Lamina Associated Domains (LADs)
The van Steensel laboratory previously generated lamina-associated domain (LAD) data sets by using DNA adenine methyltransferase (Dam) identification (DamID) and a Dam-lamin B1 fusion protein (Guelen et al., 2008; Meuleman et al., 2013). Tig3 fibroblast data were obtained as genomic LAD spans from supplemental file #1 of Guelen et al. 2008, while SHEF-2 hESC and HT1080 fibrosarcoma data were obtained as probe LAD state calls from GEO accession GSE22428. hESC and HT1080 LAD data were converted to genomic spans by identifying runs of probes with a LAD state of 1. All resulting hg18 data files were converted to BED6 file format and then to hg19 coordinates using the liftover tool of the UCSC genome browser with standard settings. Finally, we filled the regions between LAD segments and to the ends of chromosomes with features in the non-LAD state of 0 prior to enrichment analysis. We generated a set of constitutive LADs as the regions common to all of the overlaid Tig3, hESC and HT1080 hg18 LAD data sets, followed by conversion to hg19 and filling of non-LAD segments as above (Figure 7A). A total of 0.68 Gbp of the hg19 reference genome were found in LADs in all three input data sets, corresponding to 40% of the 1.7 Gbp found in LADs in any input.
Replication timing
All replication timing data used in this study were downloaded from the replication domain database maintained by the Gilbert laboratory, https://www2.replicationdomain.com/ (Weddington et al., 2008). Data sets used in plots were RT_HeLaS3_Cervical_Carcinoma_Int95117837_hg19, RT_H9_ESC_Ext29405702_hg19, RT_H9_Neural_Progenitor_Int89790558_hg19, and RT_IMR90_Fibroblast_Int94339003_hg19. We also corroborated findings with additional data sets. IMR90 data were obtained by genomic sequencing and provided as 1 kb genomic bins. For other samples, we converted the provided microarray probe-based BEDGRAPH-formatted data into genomic spans in BED file format by extending the coordinates of each probe to the positions halfway between the probe and the nearest probes on either side, or to the end of the chromosome. Thus, every genome position was assigned a replication timing based on the nearest probe. Otherwise, replication timing values were used as provided, where positive and negative numbers reflect early and late replication timing, respectively. We further classified genomic segments as early or late replicating by comparing them to the median segment score weighted by the number of genomic positions whose mapping position fell into each segment. Early and late replicating segments were those with replication timing values above and below this median, respectively (Figure 7B).

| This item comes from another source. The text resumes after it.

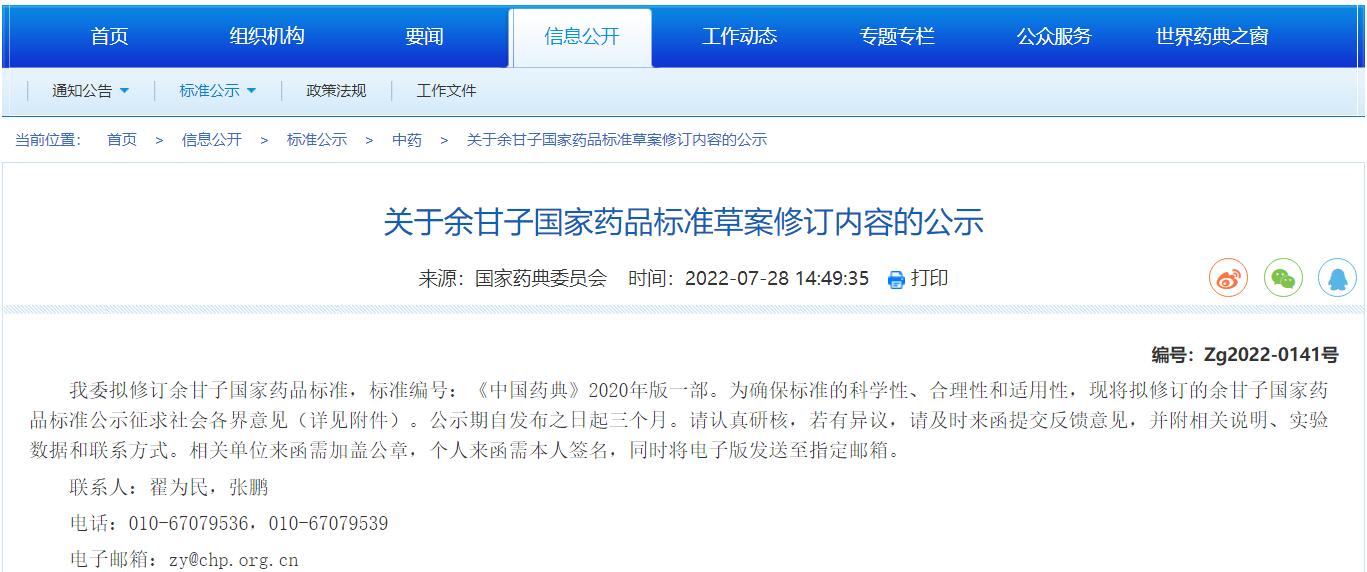 本周藥典委發(fā)布關(guān)于余甘子國(guó)家藥品標(biāo)準(zhǔn)草案修訂內(nèi)容的公示。

Multivariate analysis of replication timing and LADs
We used observed insertion counts for a specific cell line to establish weights for each binned replication timing or LAD value. We used these value weights in the R ‘sample’ function to pick otherwise random insertions from among 100 input unweighted simulation iterations per output iteration without replacement, thus allowing us to pick 100 independent weighted output simulation iterations from our sets of 10,000 input iterations. We validated that the process and the size of the inputs pools were sufficient by comparing violin plots of replication timing distributions, or fractions of insertions into LADs, for observed, unweighted, and weighted insertions. In all cases, the weighted simulations matched well to the observed insertions. We finally replotted our observed fractions for the non-matched values against both the weighted and unweighted simulation distributions to determine if a residual effect persisted for the non-matched value after controlling for the matched value in simulations.
DATA AND SOFTWARE AVAILABILITY
Our general utilities used in the pipeline (homopolymer, smith_waterman, segment and smooth) are available at https://git.umms.med.umich.edu/wilson_lab_public/utilities.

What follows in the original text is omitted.